I'm turning 47 next month and whatever anger I've wielded against God and the universe has become something else.  No matter what anyone tells you, that demon in the belly never really goes away. But it has taught me how to counter the fear I was raised embrace. Dad would maybe put it different. I don't think he wanted his sons to be afraid of the world, but maybe to be wiser walking through it. 

But I'm a slow learner. 

The one thing I know, and know for sure, is that somedays don't mean anything. I want to live now, in this moment. It took me more than 20 years to find the love of my life and while I could wait to live fully when we're retired, the fact is I don't want to waste time. When the hour glass runs out on this life, it runs out. And yes, I have faith that something passes on after we ditch this skin suit, but I refuse to let anyone use that against me by telling me it's a someday. My most fervent hope is that whatever of me survives after death will melt into everything else. 

And when that happens, I want to take the fullness of a life lived with me to share.... much in the same way I share it now.

*Neil Young


22 August, 2012

Mick's Rules for Living: The Road Revision

[It occurred to me that I haven't done a revision of this list since hitting the road. You can find the previous version of these rules at my hardly ever used but sometimes, occasionally resurrected blog, The Ohio Expatriate. Feel free to check out the site, as well as the links to the previous Expatriate site on Wordpress. It's fun stuff, I promise, and nothing less than you might expect from me.

And in case it's not evident, I'm still revising these, so they are not set in stone. Also, while I think individuals might benefit from heeding these in the spirit that they are intended, I have no intention of trying to force them on anyone. I have been accused of this. But, as I am a Wobbly, and a pacifist, I don't believe in forcing people into anything. People have to change of their own accord. 

Also, you will notice that the list has gone from 10 to 9. Most noticeably absent is former #4. If you're sedentary/settled, by all means... live close to your watering hole. But this is THE ROAD REVISION.

Cheers, Dear Readers.]

1. DO NO HARM. Violence begats violence, every single time. Being a pacifist doesn't mean you're afraid; it means you decide to have control over how you respond, not let other people or events determine your reaction. It's PROACTIVE not REACTIVE. Get it?

2. BE KIND TO ALL CRITTERS.  A slight revision. Kindness is crucial and necessary and entirely too rare. The size of the critter doesn't matter. Be kind. This also includes previous rule #5.

3. READ SOMETHING EVERYDAY. In the previous version of this list, I used the word "non-essential." However, reading, in any form, is essential. The life of your mind matters. Just make it something besides news memes and Twitter feeds. Pick up a book. Read a blog by someone you disagree with. Read poetry.
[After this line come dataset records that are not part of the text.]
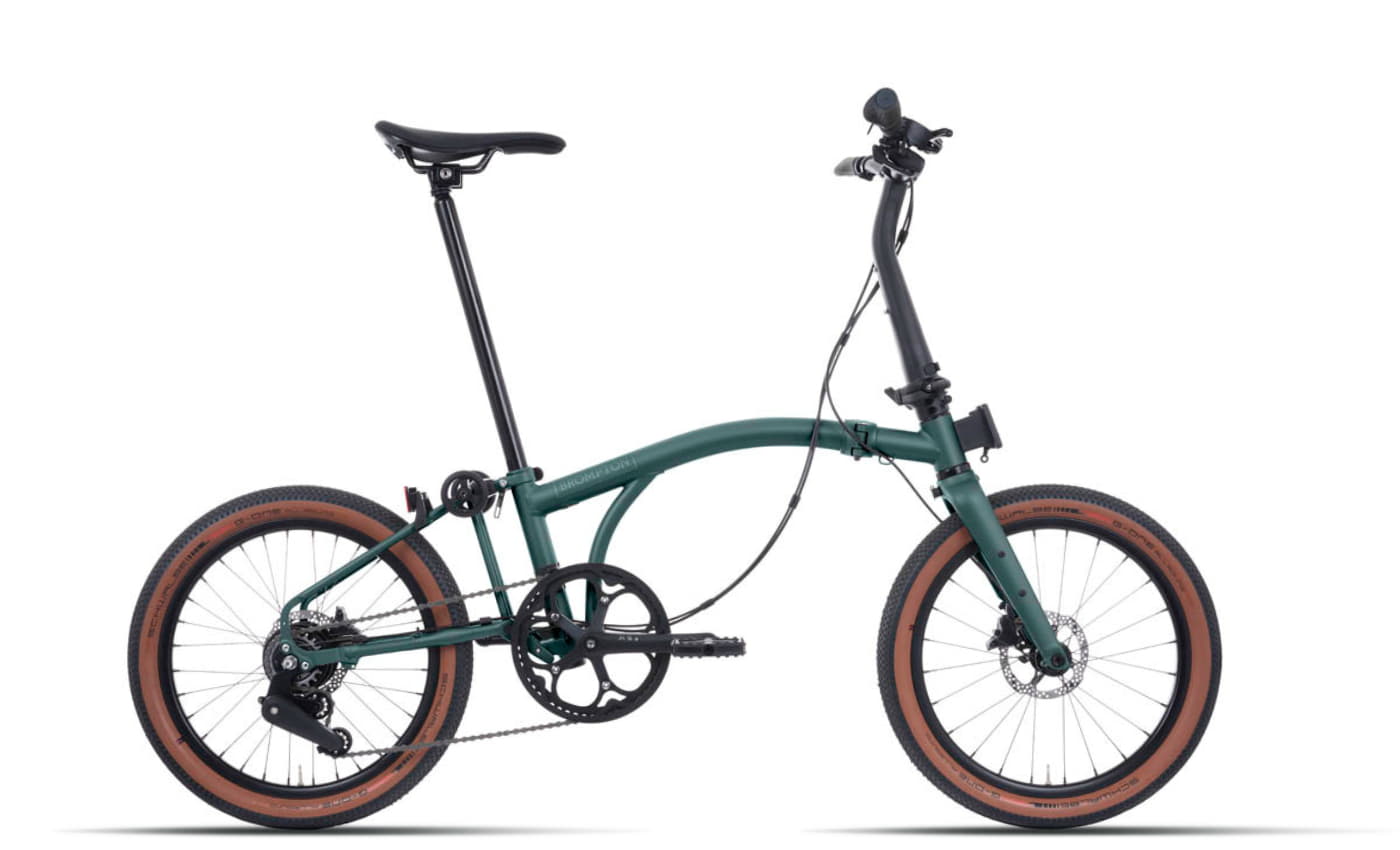 Brompton - Brompton G-Line Forest Green Das Brompton G-Line in Forest Green ist das vielseitigste Faltrad seiner Klasse gebaut für Stadt, Land und Abenteuer. Mit seiner durchdachten Konstruktion, dem legendären Brompton-Faltmechanismus und einer hochwertigen 8-Gang-Schaltung bietet es grenzenlose Mobilität auf kleinstem Raum. Kompakt, elegant und bereit für alles Ob in der Stadt oder auf Tour das G-Line überzeugt durch sein kompaktes Design und sein stabiles Fahrverhalten. Der handgelötete Stahlrahmen sorgt für Langlebigkeit und ein geschmeidiges Fahrgefühl, während sich das Rad in weniger als 20 Sekunden zu einem kleinen, transportfähigen Paket zusammenfalten lässt. Perfekt für Bahn, Auto oder Camper und überall dort, wo Platz kostbar ist. Vielseitig und komfortabel Die Shimano Alfine 8-Gang-Nabenschaltung bietet präzise Gangwechsel und wartungsarme Zuverlässigkeit. Hydraulische Scheibenbremsen von Tektro ren maximale Sicherheit und Kontrolle, auch bei Nässe oder auf unebenem Untergrund. Die breiten Schwalbe G-One Allround Reifen (20' 2,1') bieten optimalen Grip und Komfort auf Asphalt wie auf Schotterwegen. Durchdacht bis ins Detail Das Brompton G-Line ist auf maximale Vielseitigkeit ausgelegt. Dank der integrierten Befestigungspunkte kannst du Gepäckträger, Schutzbleche, Taschen oder das praktische Brompton Toolkit nachrüsten. Ergonomische Griffe, ein komfortabler Superlight Sattel und Schnelllösepedale machen das Bike alltagstauglich und reisetauglich zugleich. ... Dieses Brompton G Line in Adventure Orange (2025) ist ein aktuelles Modell, das eine gute Verfügbarkeit und moderne Spezifikationen bietet. ![]() ![]() Brompton G Line - 20 Zoll 8K Faltrad - Adventure Orange (2025) (S)
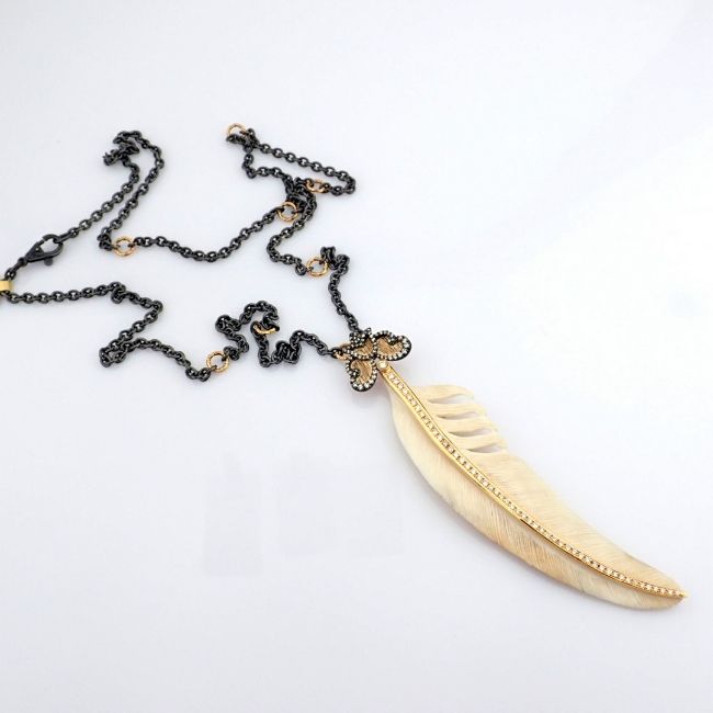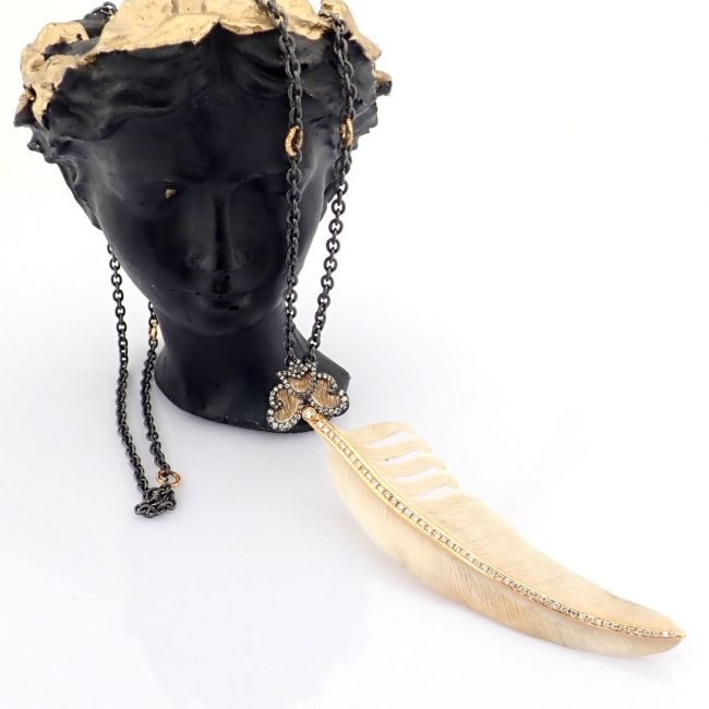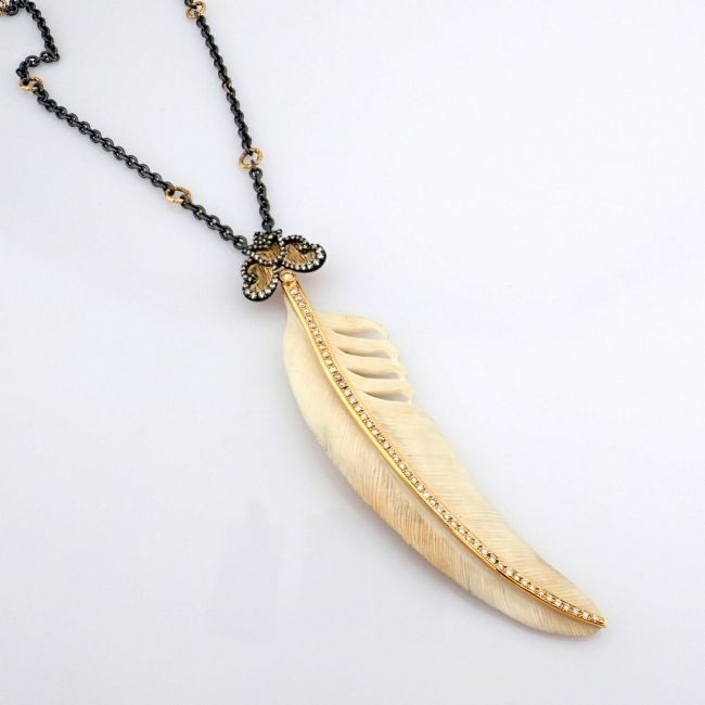 - An exquisite bone-carved feather necklace detailed with brilliant diamonds and gold on silver--------------------------------------------------
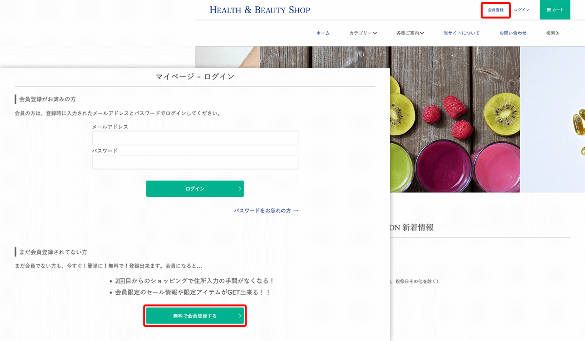 ショップで商品購入と同時に会員登録する方法
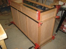 This was the most challenging project I’ve attempted so far. I have a handful of projects under my belt, and each one has been a little more difficult than the previous. We wanted a buffet table to go in our kitchen and we wanted the utility of more storage space as well. I found a few sets of plans and took elements from each one to create this piece. It has 44 mortise and tenon joints, lots of dadoes and 5 dovetailed drawers. I used soft close drawer slides and cabinet door hinges. The offset between the legs and the front face of the cabinet made hinge selection a little tricky, but I was able to find something that works.
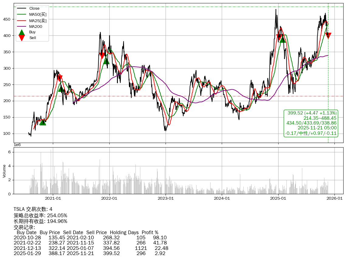 | 9 | ★TSLA | $391.05(-3.98 -1.01%) 11-21 14:59 395.03 11-20 | 📉回撤 2024-12-17 -16.74% (338天) 479.86(2024-12-16)→221.89(04-07) | +254.05% | +194.96% | +59.09% | 4 | 中性/0.97/-0.11 | 2020-07-27~2025-11-21 |
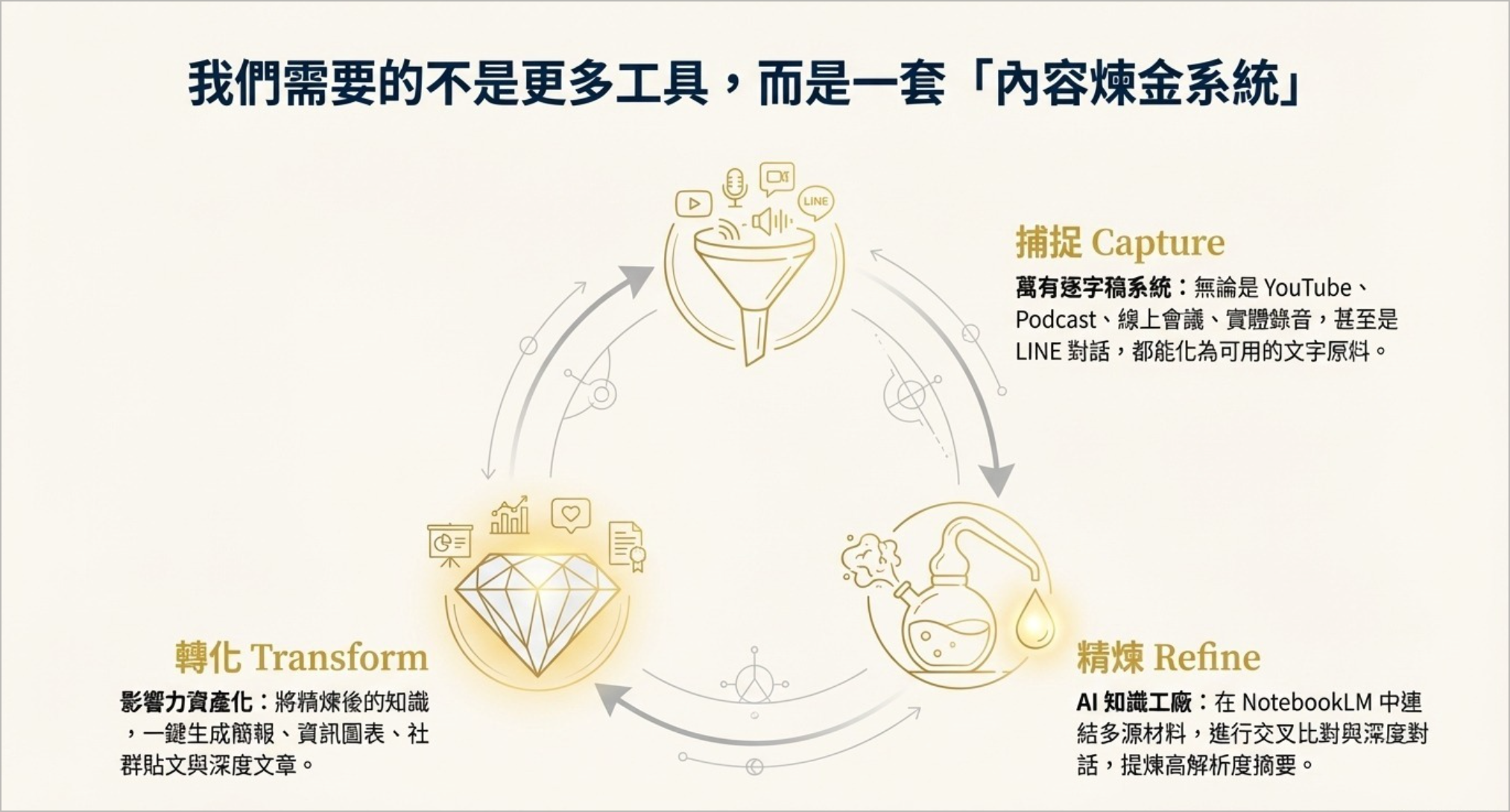 - 資產庫(Transform):NotebookLM/Heptabase 的結構化沉澱

4.  WEAR CLEAN SOCKS. I have no intention of wavering on this point. And I can tell you, with a certainty, that if you end up spending 3 days and nights in a bus station, a clean pair of socks makes a whole world of a difference. Take from someone who is residentially challenged. Clean Socks.

5. HAVING PRINCIPLES MEANS YOU LIVE THEM. Sometimes you'll end up offending people when you live your principles. But if you're not living them, they're not principles. They're abstractions.

5. APOLOGIZE WHEN YOU'RE WRONG; BUT ONLY APOLOGIZE IF YOU ARE SINCERE.

6. NEVER SUBJUGATE YOUR WILL TO WHIMS OF OTHERS.  This not only includes those who presume to have power over you, but also the institutions that presume the ability to grant that power.

7. BE HONEST.  Even when it hurts.

8. YOU KNOW YOU HAD A GOOD DAY WHEN YOU SLEEP WELL THAT NIGHT. Any other qualification is false advertising.

9. THE ONLY THING YOU HAVE TO DO IN LIFE IS DIE. EVERYTHING ELSE IS AN OPTION.